[edit]
Bandits with Knapsacks and Predictions
Proceedings of the Fortieth Conference on Uncertainty in Artificial Intelligence, PMLR 244:1189-1206, 2024.
Abstract
We study the Bandits with Knapsacks problem with the aim of designing a learning-augmented online learning algorithm upholding better regret guarantees than the state-of-the-art primal-dual algorithms with worst-case guarantees, under both stochastic and adversarial inputs. In the adversarial case, we obtain better competitive ratios when the input predictions are accurate, while also maintaining worst-case guarantees for imprecise predictions. We introduce two algorithms tailored for the full and bandit feedback settings, respectively. Both algorithms integrate a static prediction with a worst-case no-$\alpha$-regret algorithm.

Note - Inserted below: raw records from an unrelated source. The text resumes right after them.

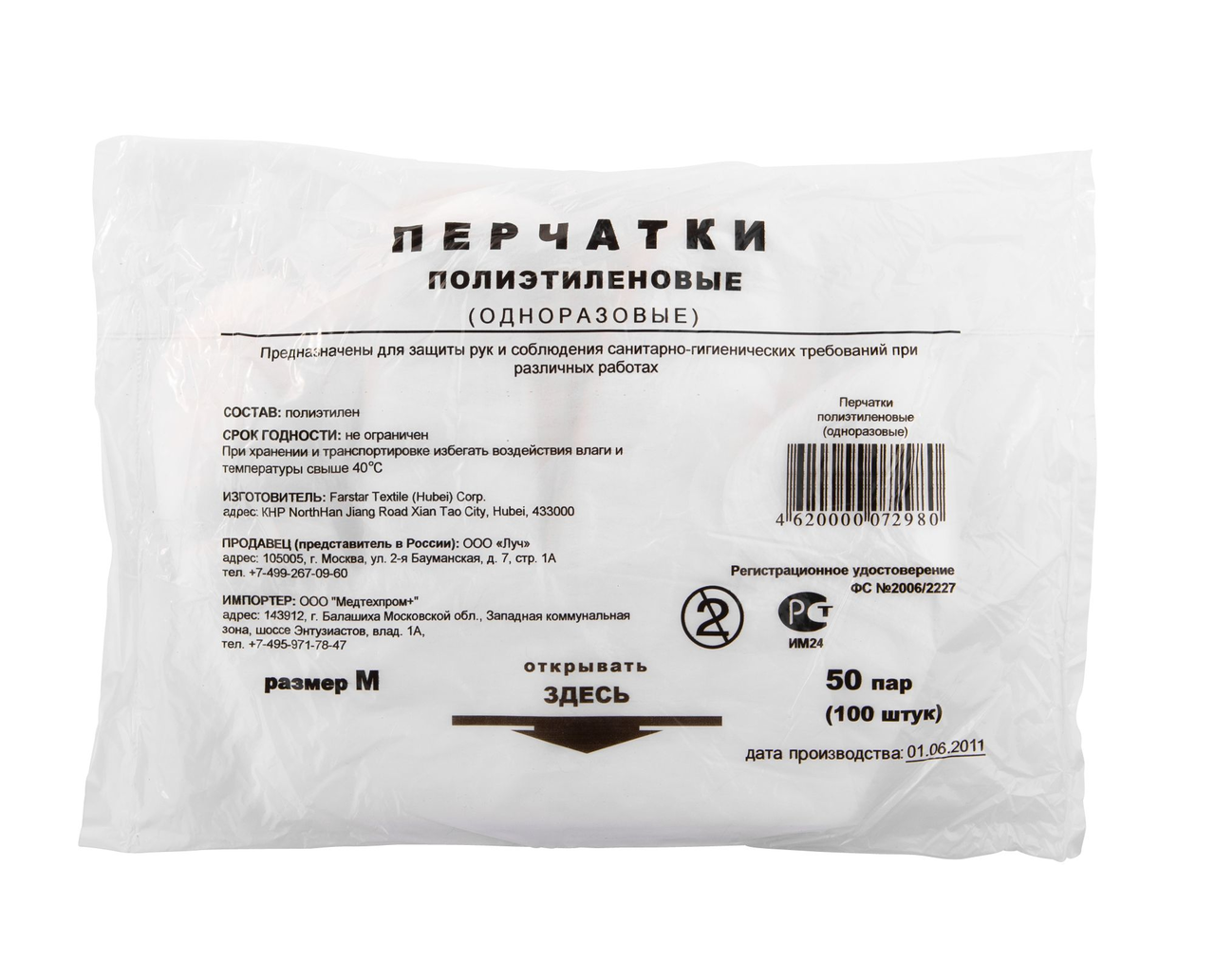 Перчатки полиэтиленовые одноразовые, 50 пар. Размер изделия: М. Изготовлены из экологически чистых, гипоаллергенных материалов (полиэтилен высокого давления). Область их применения чрезвычайно широка: медицинские учреждения, предприятия общественного питания, клининговые организации. Размер упаковки: 22 х 22 х 1 см.
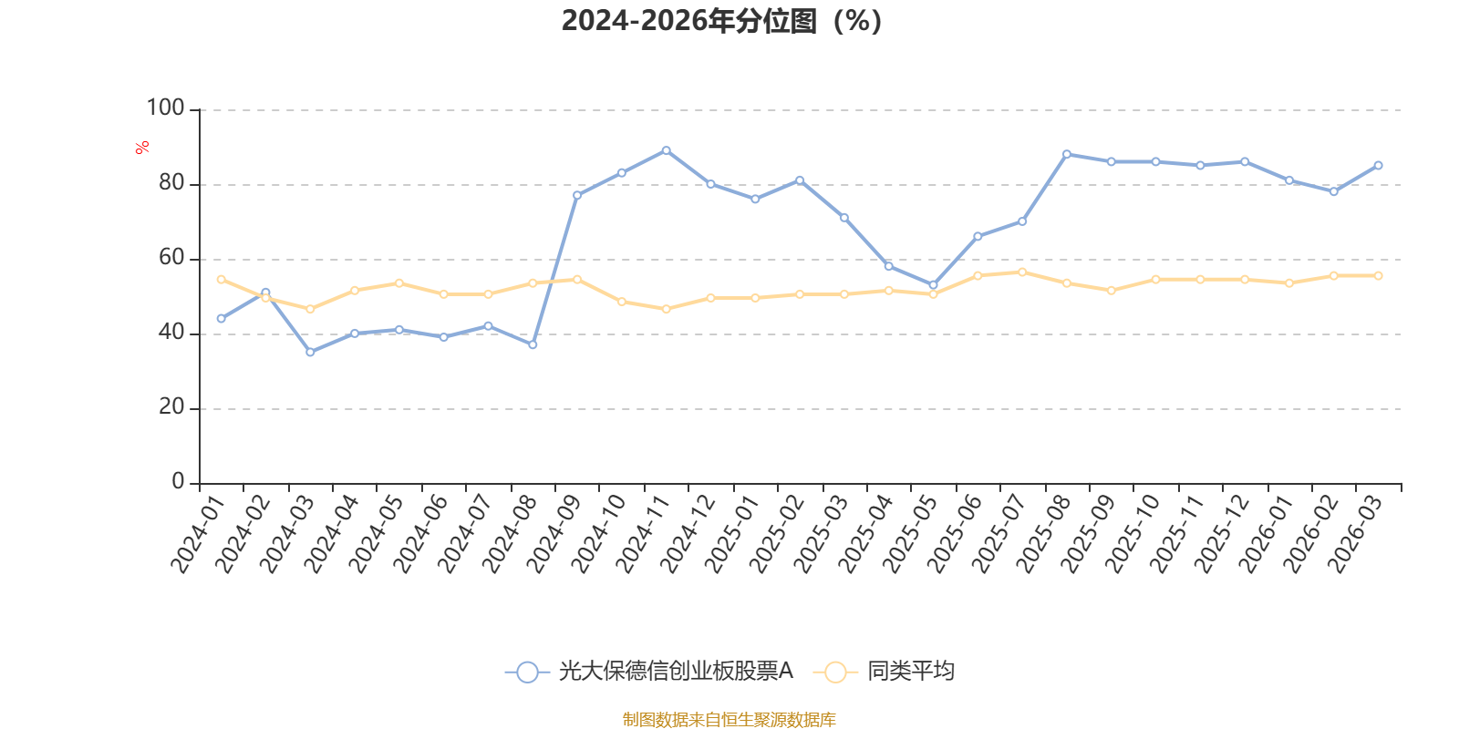 通过所选区间该基金净值增长率分位图,可以观察该基金与同类基金业绩比较情况。图为坐标原点到区间内某时点的净值增长率在同类基金中的分位数。
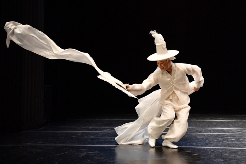 백색 물결이 공간을 뒤덮는다. 계명대학교 김현태 교수의 ‘장유경류 선(扇)살풀이춤’이다. 부채에 긴 명주 수건을 붙여서 추는 이 춤은 장유경 명예교수에 의해 확산되고 있는 지역의 대표 춤이다. 직선과 곡선의 만남, 오브제의 이채로운 춤적 활용 등이 창작성을 높이는 역할을 했다. 김현태는 종반부의 흥겨운 가락이 나올 때 춤에 노닌다. 여운 있게 마무리한다. 춤적 잔향(殘香) 깊다.
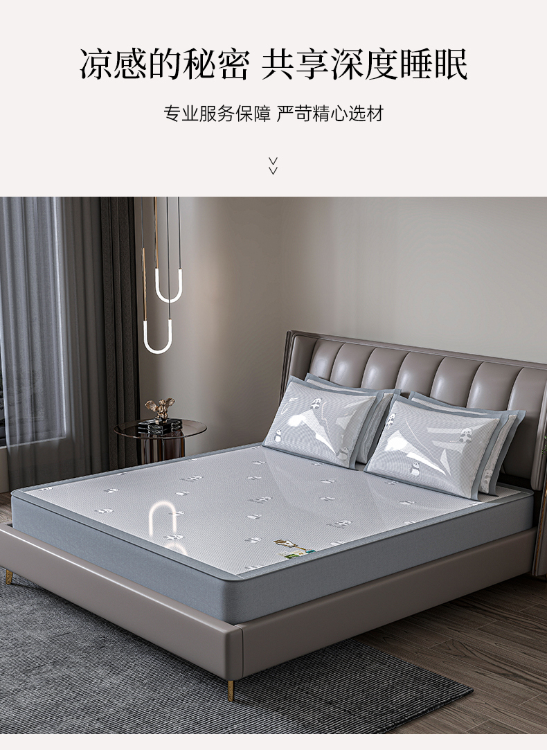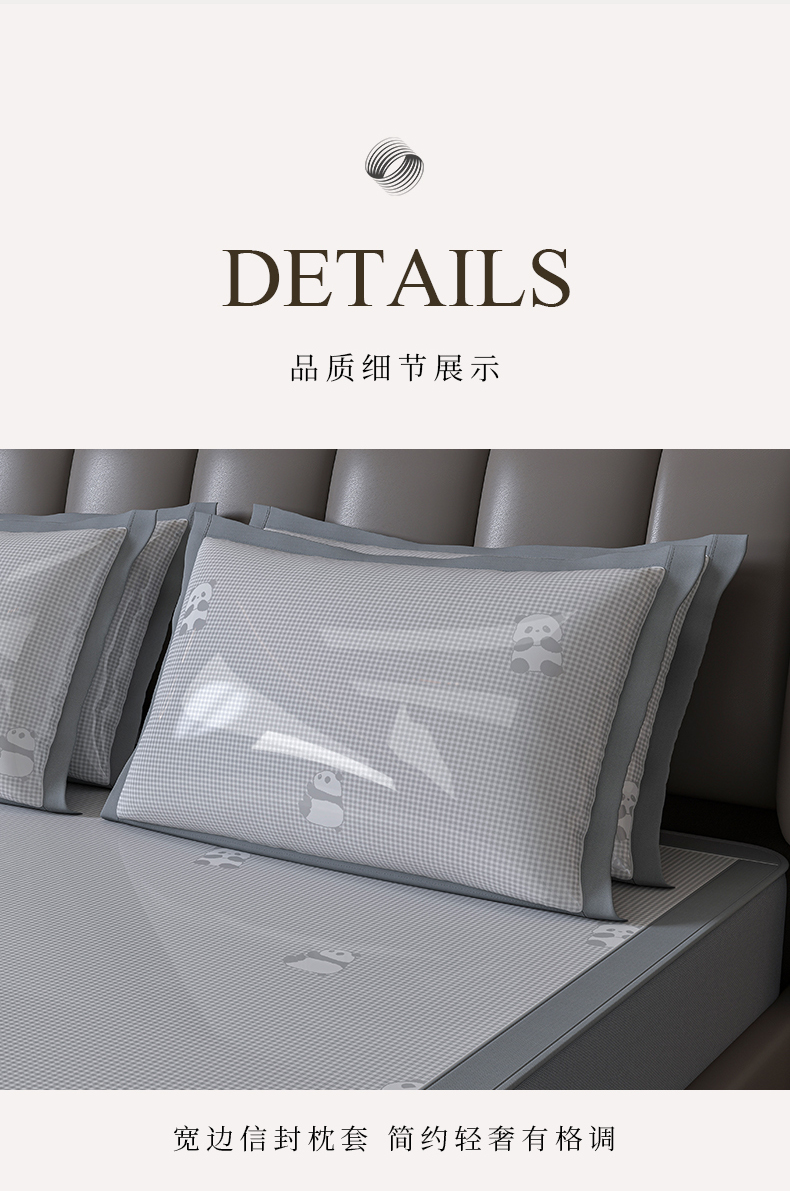 商品名称:(总)小牛席业 2026新款双PE高凉感-熊猫格纹提花冰丝席(床笠款)凉席竹席藤席冰藤席乳胶席豆豆席
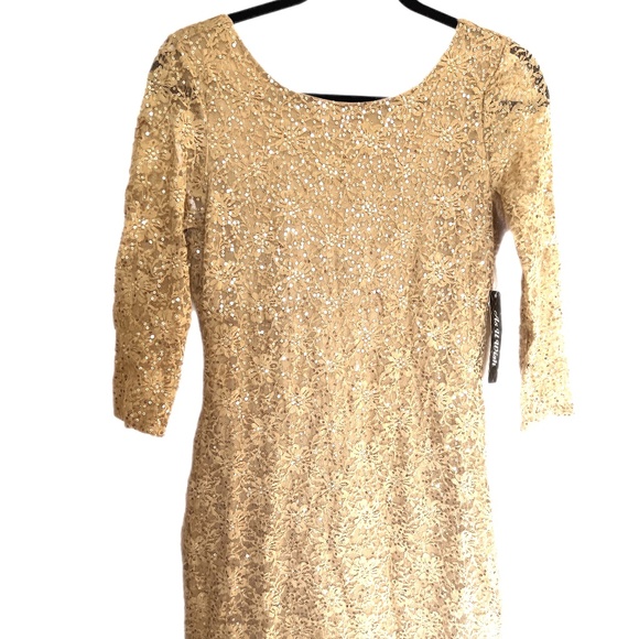 As You Wish NWT Women's Cocktail Dress Lined, Gold Sequin ,Body con, 3/4 Sleeve, Backless Pullover SZ M
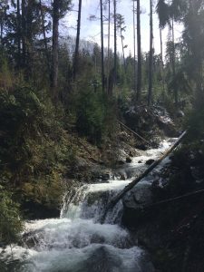 Most of the mornings were misty, as it rained most every day (early March on the Olympic Peninsula–go figure). But that made for good writing weather–I didn’t hit a high word count, but I did work through a rough chapter that had fought me for a while. So, when Saturday morning dawned sunny, I felt quite justified in taking a hike around the nearby woods.
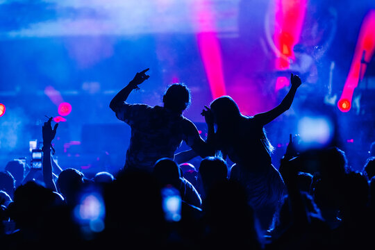 A lively concert scene featuring a cheering crowd immersed in vibrant lights, capturing the excitement and energy of the live music performance.
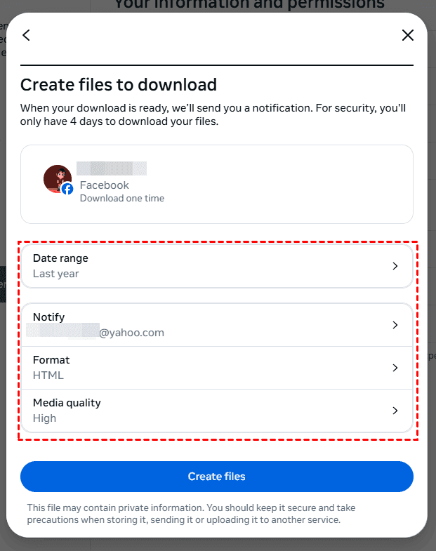 Schritt 5: Klicke auf „Dateien erstellen“ und warte, bis Facebook deine Daten generiert hat.
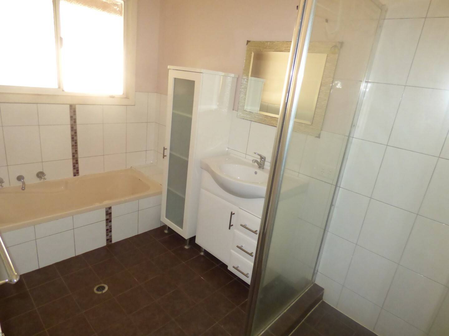 The functional bathroom features a bath tub, separate shower unit, vanity and cupboard for storage.
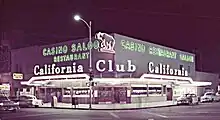 The California Club operated from 1958 to 1973. Phil Long took over operation of the casino located at the corner of First and Fremont Street in Downtown Las Vegas, Nevada, 1958.[1] The locals casino catered to local gamblers. It was owned and operated by Phil Long and George Milford and was a casino only without any hotel rooms. The California Club was sold to Steve Wynn in 1973. The California Club was combined into the Golden Nugget shortly after the purchase by Wynn.

This yields an optimized competitive ratio of $(\pi + (1 -\pi)/\alpha)^{-1}$ in scenarios where the prediction is perfect, and a competitive ratio of $\alpha/(1 - \pi)$ in the case of highly imprecise predictions, where $\pi \in (0,1)$ is chosen by the learner and $\alpha$ is Slater’s parameter. We complement this analysis by studying the stochastic setting under full feedback. We provide an algorithm which guarantees a pseudo-regret of $\widetilde{O}(\sqrt{T})$ with poor predictions, and 0 pseudo-regret with perfect predictions. We also characterize the smoothness of the algorithm.